At a recent conference, Healthcare Consultant Kyle Hueth shows an interested attendee the benefits of interval testing.
“When you work in a lab, you feel like you know the patient. Granted, you only know them by their blood chemistries or other lab results, but that is enough to individualize the patient in your mind so you continue to recognize them by their lab values,” says Kyle Dean Hueth, MLS(ASCP), who spent seven years working in ARUP’s University of Utah Hospital Clinical Laboratory in the clinical chemistry and hematology sections before moving into his current role as healthcare consultant on topics related to utilization management and appropriate testing intervals.
As test requests would come into the clinical lab, Hueth often wondered why doctors would reorder the same test in such short time spans. “I understood doctors were often just trying to be comprehensive and in their eyes lab tests, at least in comparison to other hospital expenditures, were relatively inexpensive, but it adds up when approximately 70 percent of medical decisions are based on test results.”
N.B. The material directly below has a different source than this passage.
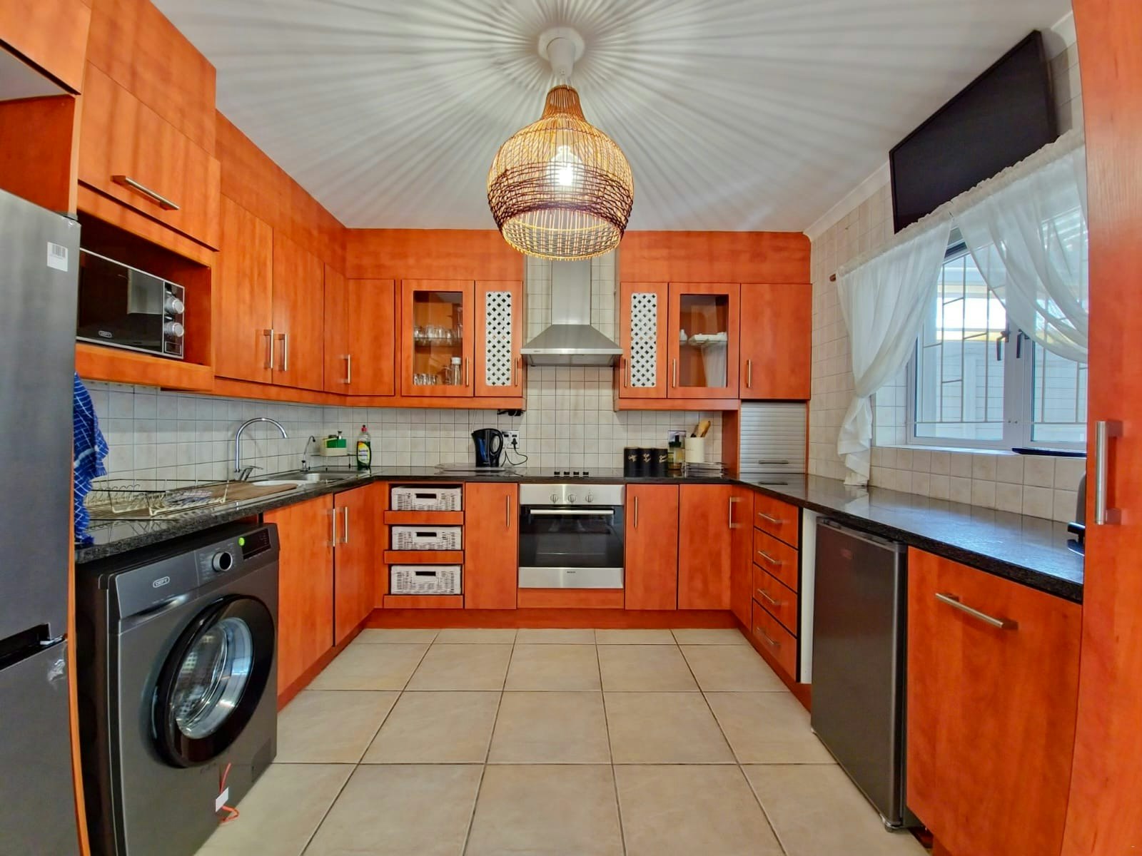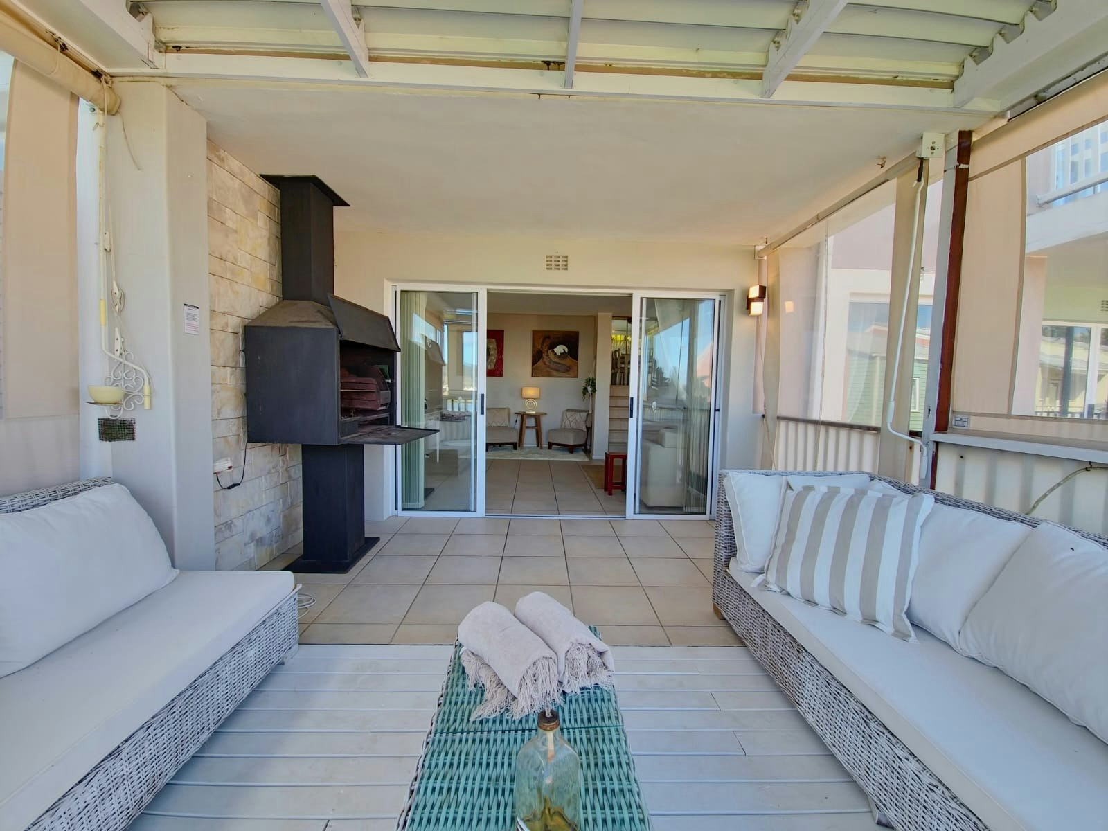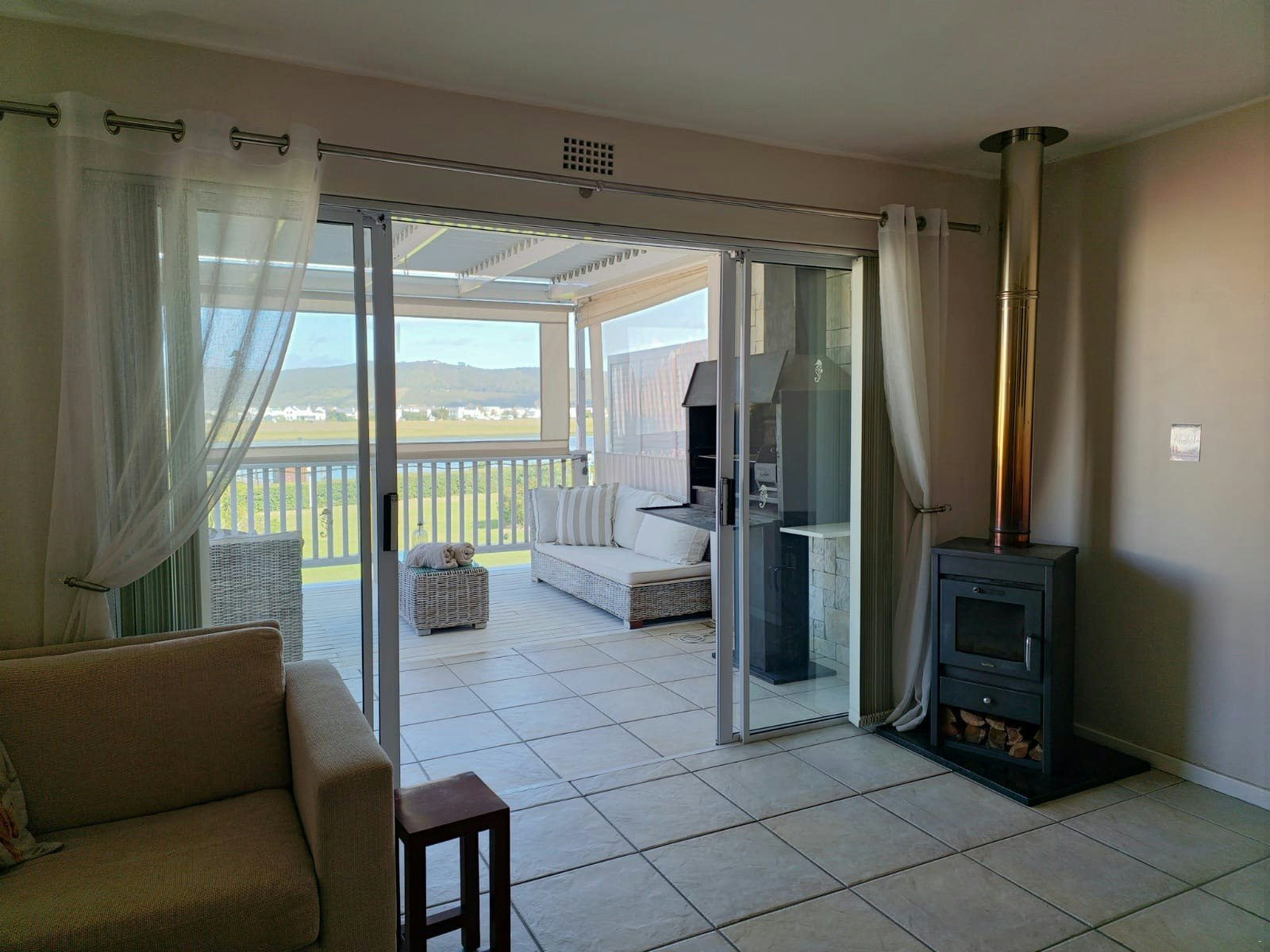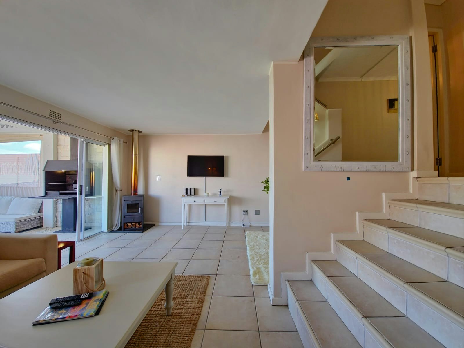 The second floor offers a fully equipped kitchen fitted with a stove, oven, cutlery, crockery, utensils, microwave, fridge-freezer, kettle, toaster, dishwasher, and a washing machine that leads to the dining area, which offers a 6-seater dining table, a separate guest toilet, and flows down the stairs to the lounge area furnished with comfortable seating, a fireplace, TV with DStv, streaming options, Wi-Fi and walks out onto a covered deck furnished with outdoor furniture and braai facilities with a view. The kitchen walks out to a separate deck with a gas braai and comfortable seating.

He noticed a lack of easy access to well-vetted, specific information on appropriate testing intervals. This became an interest and key driver for his master’s thesis, which focused on identifying methods to derive appropriate intervals from literature and applying those intervals to laboratory data to determine the prevalence of unnecessary repeat testing.
Below, Hueth fields some questions.
Routine laboratory tests are inexpensive, so why focus on them?
Laboratory testing is the highest-volume medical activity, so it is easy to imagine the impact that laboratory data can have on the outcomes and efficiency of a patient’s care. While the lab test itself may be inexpensive, the downstream follow-up activities can be costly. When testing is used inappropriately, follow-up care is often unnecessary, so reducing unnecessary testing leads to more than just cost savings from lab tests.
I’m a provider—tell me why this will make my job easier?
With healthcare in transition, patient care is becoming a “team sport.” Medical laboratory professionals have a tremendous amount of knowledge they can bring to the table. If asked whether they could use help to better understand and utilize the lab, most providers would likely shout “Yes!” Test-interval guidance makes their job of administering and coordinating patient care easier by providing evidence-based intervals in the EMR and at the point of order.
Why should patients care about interval testing?
Patients have never been more informed than they are now. Understanding appropriate testing intervals is another way patients can consider the different components of care they receive and to advocate for themselves.
Appropriate testing intervals don’t just apply to the reduction of unnecessary testing; conversely, an appropriate interval can also apply to promoting necessary testing, like screening for conditions to prevent or delay the onset of disease. Testing at the appropriate interval is important to a patient’s care and to their wallet, especially for those who are under- or uninsured.
How does testing interval management fit under the utilization management (UM) umbrella?
Test-interval guidance is a mechanism to promote rational utilization. This is one of many tools that ARUP’s Consultative Services uses when working with clients to improve laboratory test utilization and establish their UM programs.
Is ARUP unique in providing testing interval management?
No one is doing the kind of work we are doing to improve utilization and support our clients in their endeavors to optimize their institution’s utilization.
ARUP test-interval guidance is based on an extensive review of guidelines and literature by the ARUP Consult editorial team. The result is highly valuable and actionable guidance to promote appropriate testing intervals.
How can interval testing help position laboratories?
This is expertise that we, as laboratory medicine professionals and practitioners, are best positioned to offer. Fulfilling this need promotes the laboratory as a value-center and strengthens the lab’s position within the healthcare models to come.